The Afterlife
under Date Night,JudaismI ran into the store with my loaded gun, pointing at children’s heads so that I could steal their tennis shoes, after double parking in two parallel handicap spots, even though I’m not handicapped whatsoever. I then started thinking that if there is a pleasant place where souls go after they die, it really doesn’t matter because I don’t think there is one. We’re all organic beings and we’re just going to die and then rot and that will be it. Any good or bad we will have ever done in this world will never have mattered because even if our deeds have repercussions, they will eventually also fade into nothing because everybody will eventually die.
Then I started thinking, “Hey, I get to drink beer in an hour.” I think that life all boils down to the continuous struggle between the fact that all humans instinctively know that there is no afterlife and the fact that there are so many places that will serve you beer. Be honest, whenever you have an inner monologue with yourself about whether or not something happens to you after you die, you always slightly side with the fact that there’s probably nothing. When you kill an ant, does the fact that that ant has an eternal soul ever cross your mind? No. It doesn’t. What makes you better than an ant? If ants don’t go to heaven, then neither do we. An ant has never killed a person. An ant has never laundered money.
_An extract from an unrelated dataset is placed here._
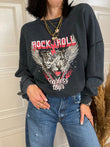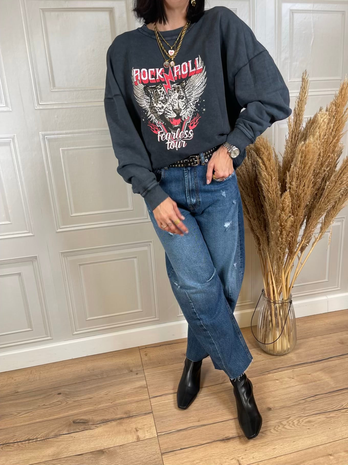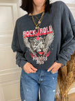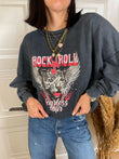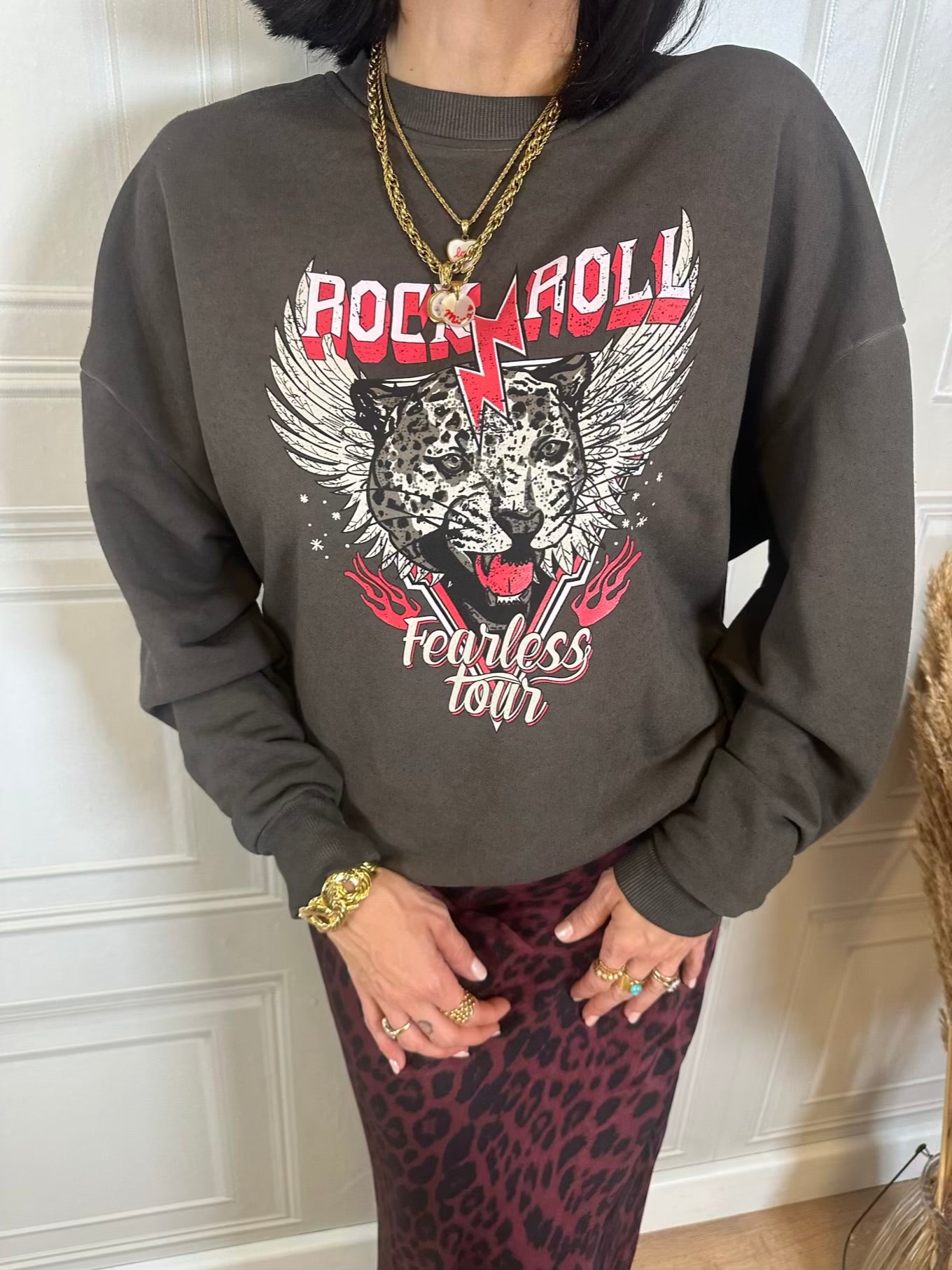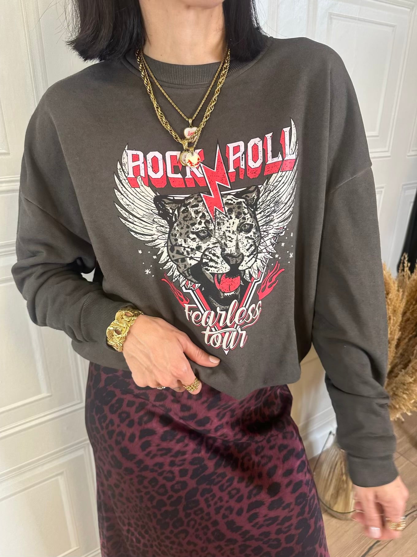 Felpa color grigio garzata HaveOne. Stampa frontale Rok n roll. Modello girocollo, manica lunga balloon.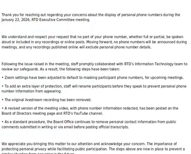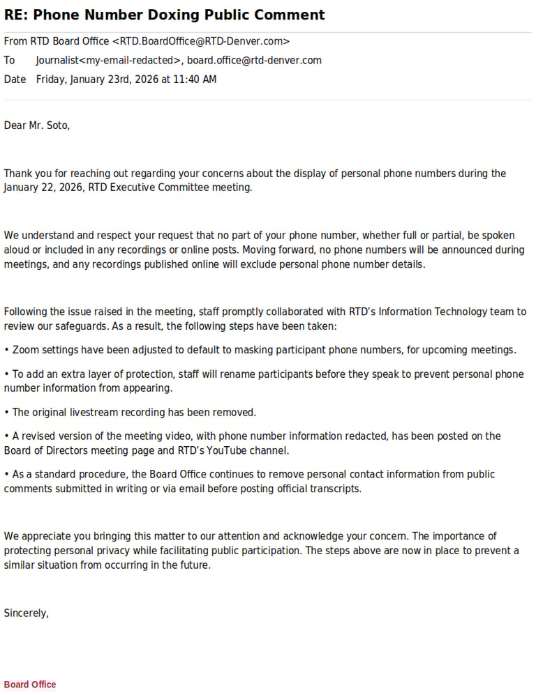 I can only speculate but I believe that RTD Executive board members intentionally Doxxed me. I asked myself the question did they also expose the personal information of people who spoke at public comment in PAST RTD board meetings? From what was recorded and posted on RTD’s YouTube channel. I saw one video showing the first 6 numbers of a woman's phone number on a recorded meeting. Was the remaining last 4 digits exposed during the live meeting? Phone numbers are personal information. First, last names and date of birth is not private, but is public information. I pull public records & if the records office is doing their jobs they will redact phone numbers & addresses. Now this could be ignorance by the executive board. But if they are that stupid, ignorant & incompetent they should not be on the executive board.

An ant has never gone out on a date with a perfectly friendly ant guy and then left after an hour, after an obvious lie that her ant mom was really crazy and obsessive and that she just had to go back to the pile now.
However, the best argument I can think of for the fact that there is a heaven is that God doesn’t want living people to know that there is a heaven, because if they do, then everybody will be nice and great all of the time, and then heaven won’t be that good comparatively. God needs our lives to be difficult and sad. Otherwise there’s no payoff. I realize there’s like ten holes in this paragraph already. New paragraph.
I don’t really know what the hookup stance is on the afterlife because I don’t think any hookup person knows. Every time anyone asks a hookup person about our stance on the afterlife, we always say something like, “Well, we don’t believe in hell.” “Well, do you believe in heaven?” “I don’t think so.” “Then, what do you believe in?” “I really have no idea. I really need to go to the store to get some tennis shoes, though.”